> **Dataset records**
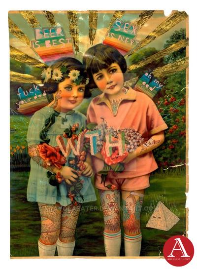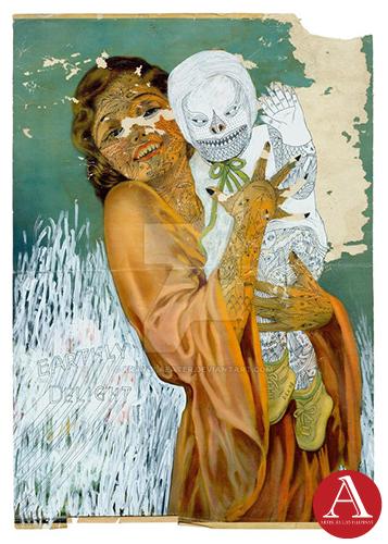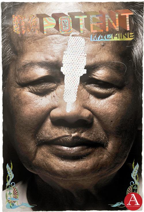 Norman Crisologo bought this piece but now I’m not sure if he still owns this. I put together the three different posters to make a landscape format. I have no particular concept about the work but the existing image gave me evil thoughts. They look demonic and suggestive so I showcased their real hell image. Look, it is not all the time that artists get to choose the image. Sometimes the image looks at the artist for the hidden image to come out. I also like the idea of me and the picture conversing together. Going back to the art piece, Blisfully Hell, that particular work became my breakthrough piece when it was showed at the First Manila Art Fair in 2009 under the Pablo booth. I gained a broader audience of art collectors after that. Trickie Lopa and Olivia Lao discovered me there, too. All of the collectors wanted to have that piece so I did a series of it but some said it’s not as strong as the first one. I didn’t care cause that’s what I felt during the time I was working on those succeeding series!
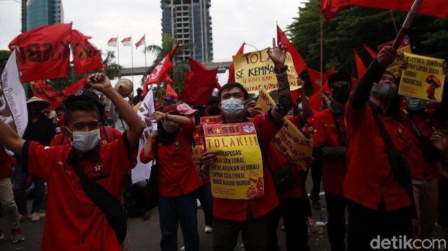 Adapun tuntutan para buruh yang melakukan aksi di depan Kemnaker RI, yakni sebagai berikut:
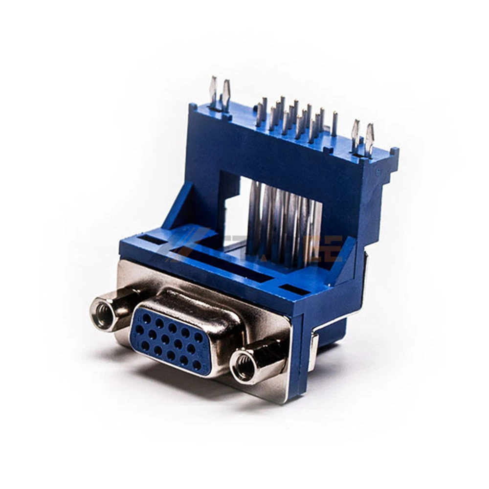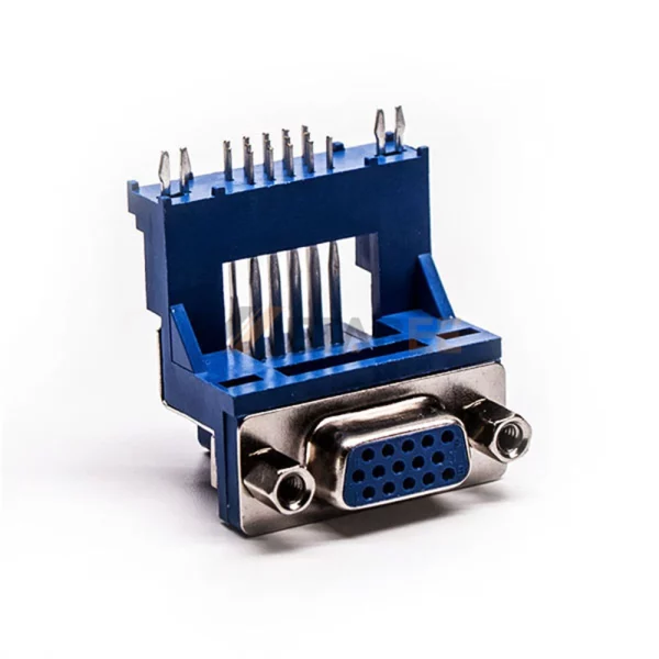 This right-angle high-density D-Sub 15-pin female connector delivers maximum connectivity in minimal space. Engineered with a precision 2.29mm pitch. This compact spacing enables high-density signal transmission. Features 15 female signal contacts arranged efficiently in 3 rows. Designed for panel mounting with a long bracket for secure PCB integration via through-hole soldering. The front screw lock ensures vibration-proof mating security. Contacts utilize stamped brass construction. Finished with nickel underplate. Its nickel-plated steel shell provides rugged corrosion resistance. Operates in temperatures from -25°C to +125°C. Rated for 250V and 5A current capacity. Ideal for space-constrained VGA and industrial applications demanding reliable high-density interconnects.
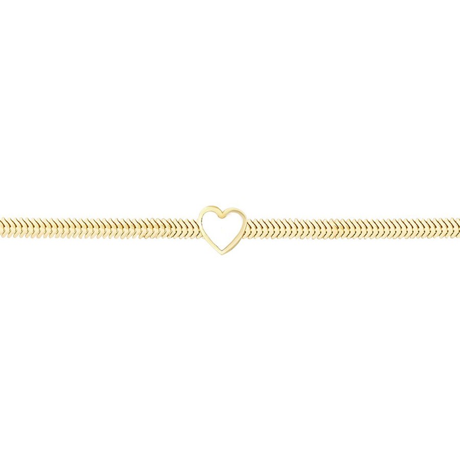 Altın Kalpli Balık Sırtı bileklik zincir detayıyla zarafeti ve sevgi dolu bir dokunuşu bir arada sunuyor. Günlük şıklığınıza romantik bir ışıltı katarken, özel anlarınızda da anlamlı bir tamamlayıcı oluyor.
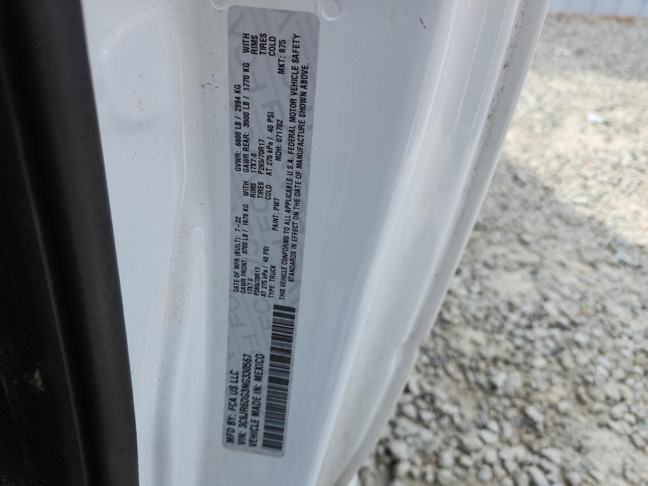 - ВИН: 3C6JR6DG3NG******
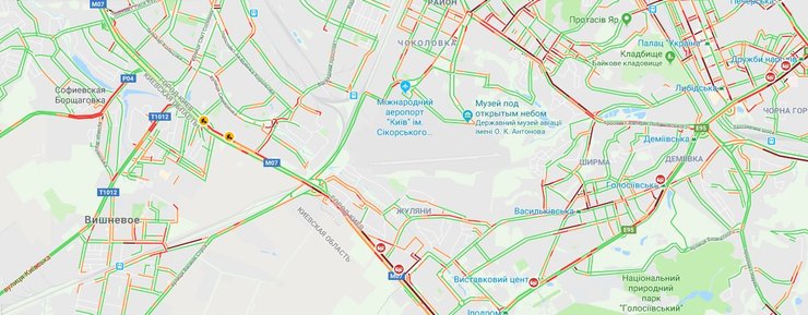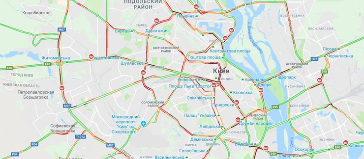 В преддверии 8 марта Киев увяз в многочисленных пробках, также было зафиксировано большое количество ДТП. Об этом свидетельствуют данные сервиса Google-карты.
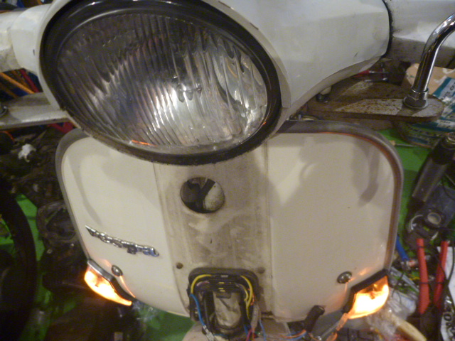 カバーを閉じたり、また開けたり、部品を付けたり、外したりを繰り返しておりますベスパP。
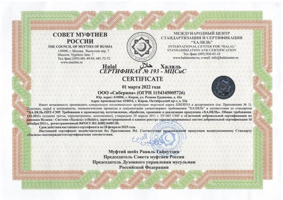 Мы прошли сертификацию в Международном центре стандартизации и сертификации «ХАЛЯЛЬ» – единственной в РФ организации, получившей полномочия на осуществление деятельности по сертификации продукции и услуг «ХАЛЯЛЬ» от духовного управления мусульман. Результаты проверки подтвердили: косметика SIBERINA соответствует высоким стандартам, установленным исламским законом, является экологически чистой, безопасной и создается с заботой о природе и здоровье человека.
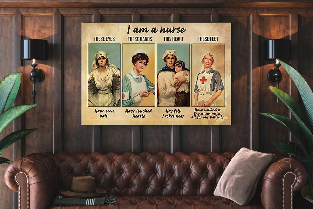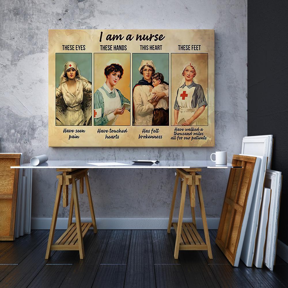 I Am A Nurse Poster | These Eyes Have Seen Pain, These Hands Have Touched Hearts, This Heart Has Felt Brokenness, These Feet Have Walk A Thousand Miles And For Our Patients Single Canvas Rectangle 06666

> **The problem**
Exactly as written, reproduce the lines from the beginning of the material through the line with "Altın Kalpli Balık", and skip any picture.

> **Response to the task**
 Norman Crisologo bought this piece but now I’m not sure if he still owns this. I put together the three different posters to make a landscape format. I have no particular concept about the work but the existing image gave me evil thoughts. They look demonic and suggestive so I showcased their real hell image. Look, it is not all the time that artists get to choose the image. Sometimes the image looks at the artist for the hidden image to come out. I also like the idea of me and the picture conversing together. Going back to the art piece, Blisfully Hell, that particular work became my breakthrough piece when it was showed at the First Manila Art Fair in 2009 under the Pablo booth. I gained a broader audience of art collectors after that. Trickie Lopa and Olivia Lao discovered me there, too. All of the collectors wanted to have that piece so I did a series of it but some said it’s not as strong as the first one. I didn’t care cause that’s what I felt during the time I was working on those succeeding series!
 Adapun tuntutan para buruh yang melakukan aksi di depan Kemnaker RI, yakni sebagai berikut:
 This right-angle high-density D-Sub 15-pin female connector delivers maximum connectivity in minimal space. Engineered with a precision 2.29mm pitch. This compact spacing enables high-density signal transmission. Features 15 female signal contacts arranged efficiently in 3 rows. Designed for panel mounting with a long bracket for secure PCB integration via through-hole soldering. The front screw lock ensures vibration-proof mating security. Contacts utilize stamped brass construction. Finished with nickel underplate. Its nickel-plated steel shell provides rugged corrosion resistance. Operates in temperatures from -25°C to +125°C. Rated for 250V and 5A current capacity. Ideal for space-constrained VGA and industrial applications demanding reliable high-density interconnects.
 Altın Kalpli Balık Sırtı bileklik zincir detayıyla zarafeti ve sevgi dolu bir dokunuşu bir arada sunuyor. Günlük şıklığınıza romantik bir ışıltı katarken, özel anlarınızda da anlamlı bir tamamlayıcı oluyor.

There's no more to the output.